Although SPMs, BMs and PMs exhibited different levels of expression of molecules involved in antigen presentation, such as MHCII, CD80 and CD86, they showed similar antigen presenting ability. Many PMs are recruited into peritoneal cavity in response to bacterial infection, in greater amount than other cell types [43, 44]. In spleen, several subpopulations of macrophage have been characterized in vivo, including F4/80+ red pulp macrophages, MOMA-1+ marginal metallophilic macrophages, ER-TR9+ marginal zone macrophages and MOMA-2+ white pulp macrophages in mice . F4/80 is prodominantly expressed on red pulp macrophages, but not on others such as marginal metallophilic macrophages, marginal zone macrophages and white pulp macrophages. Therefore, F4/80 stained cells might be less diverse and could be considered as a relative uniform population. However, other subpopulations of splenic macrophages require further study.

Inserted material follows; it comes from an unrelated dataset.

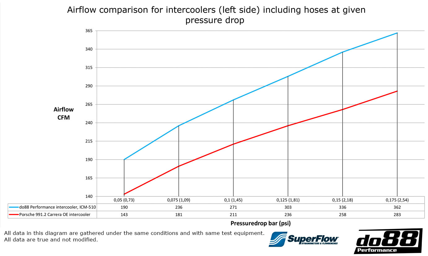 Cooling is important, and so is airflow. After many hours of development, refining the end tanks and choosing a core to meet our demand, the result is an intercooler that is much more efficient in terms of heat transfer as well as airflow. Using our in-house Superflow SF-1020 Probench, the airflow is verified as a complete system, with hoses on both inlet and outlet, for both the OEM 991 intercoolers, and the do88 performance intercoolers.

Comparison of cytokine expression profile of SPMs, BMs and PMs might contribute to the understanding of their distinct properties and provide a valuable reference for further macrophage related studies. The significantly higher expression of TGF-β and IL-10 by resting BMs in comparison to SPMs and PMs suggests that in vitro generated BMs might be potentially more likely to have a M2 phenotype. M-CSF has been shown to induce differentiation of BMs from bone marrow progenitors  and also to induce human macrophages into a M2 phenotype . Compared to an only 1 day in vitro incubation time of SPMs and PMs, the requirement of 7 days stimulation of bone marrow cells with M-CSF may push them towards M2 differentiation. Combined with high proliferation and phagocytosis ability of BM, thus suggests that BMs might be less mature and phenotypically stable than SPMs and PMs, giving caution to the use of BMs in cell therapy. Alternatively, pro-inflammatory cytokines including IL-6, IL-12 and TNF-α were significantly more highly expressed on SPMs with and without activation than BMs or PMs, which may be relevant to the specific microenvironment of spleen. In spleen, SPMs play an important role in removal of red cells, which may require SPMs to produce abundant cytotoxicity-associated cytokines such as IL-12, TNF-α and IL-6 [47, 48]. Therefore, cytokine expression of BMs, SPMs and PMs reflect their biological function.